Though it may seem a little ridiculous to be talking about ‘How to Walk’ some of the tips I picked up from guides I used throughout my time.

Overall during the trek we were told to take a slow pace. Not only would you struggle taking a fast pace at the altitude, it’s thoroughly enjoyable to take in the majestic surroundings at a slower pace and really absorb the spectacular part of the world you find yourself in. I found that taking a slow pace and longer strides was a great technique for covering distance without expending too much energy. Lengthening my stride just a fraction allowed me to get into a good rhythm and take fewer steps.
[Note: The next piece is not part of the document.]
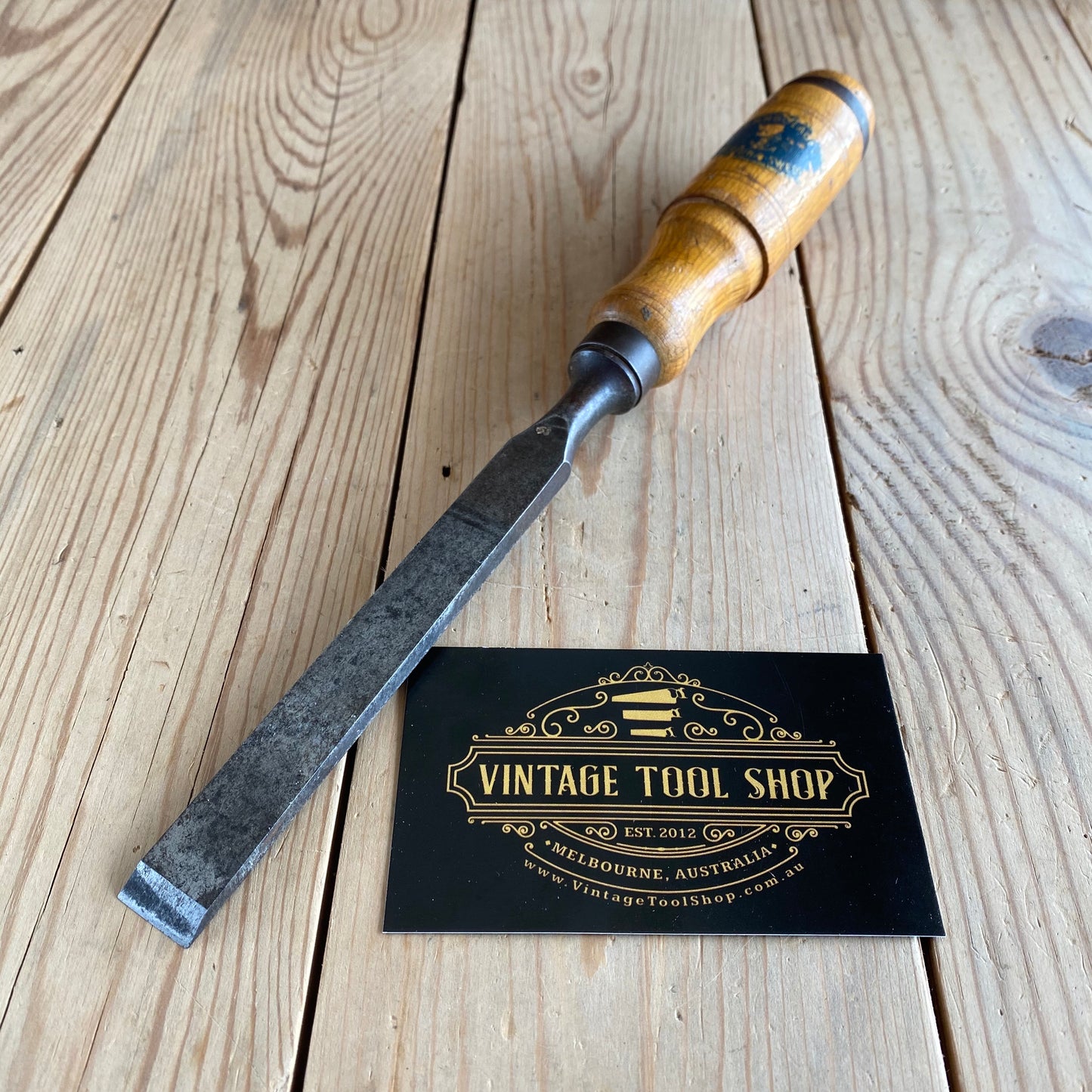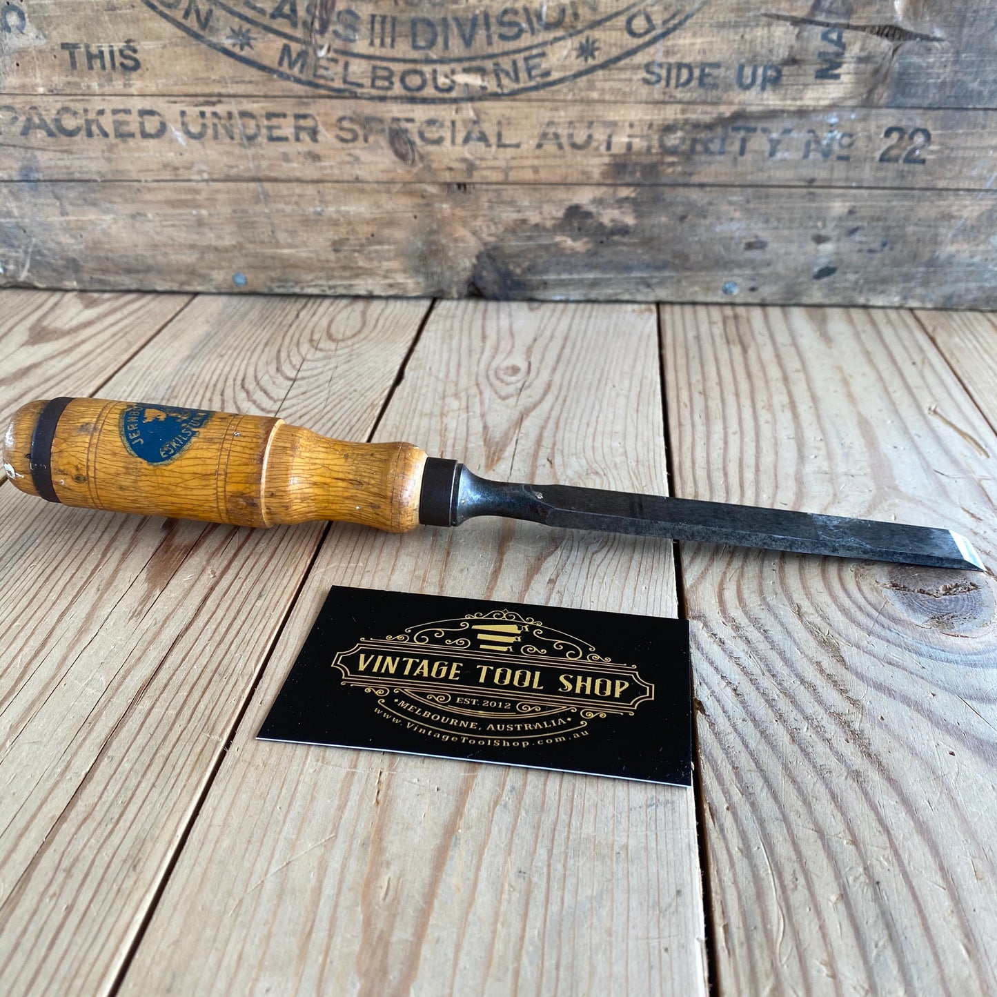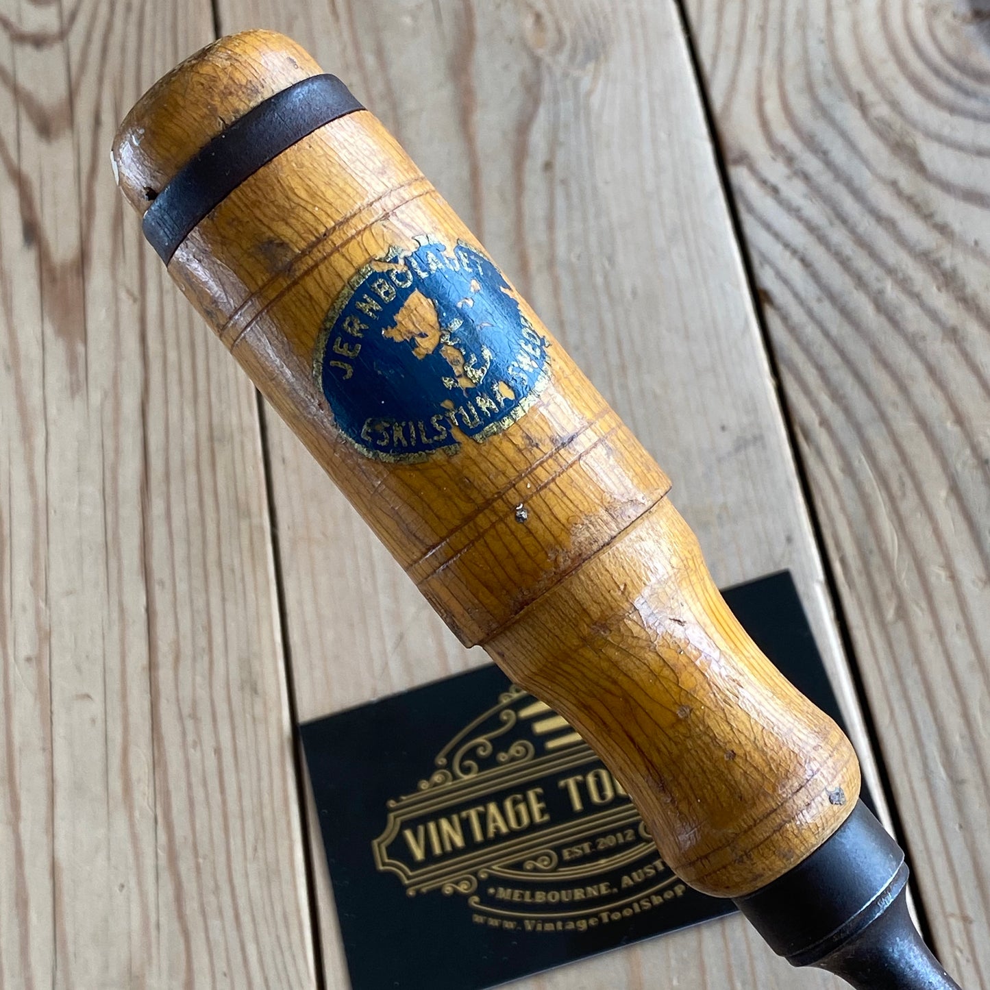 This chisel is in authentic vintage condition, wear & tear consistent with age & use, most of the original decal remains on the handle, it's in good shape a near full blade & the handle hasn't been struck, it will require sharpening prior to use, a hard to find Jernbolaget firmer chisel.

This I attempted to use throughout, particularly on level surfaces and slight inclines.

For steps I was advised to step up and down smoothly and gradually as opposed to sharply. Going up this would not result in a need for sudden bursts of strength and energy but more a constant pressure on the legs. Going down I kept my knees bent and ‘glided’ down rather than stepping down. This helped to keep my momentum under control and didn’t put too much impact on my knees, the most common problem when descending sharply.

My main issue was turning my ankles downhill. Luckily I had boots with good ankle-support but I found the loose rocks and stones going down were very easy to step on and turn the ankle on. So I soon became very careful of where I placed my foot on the downhill sections.

But the best piece of advice, and you’ll certainly hear it enough is: “Slowly, slowly”.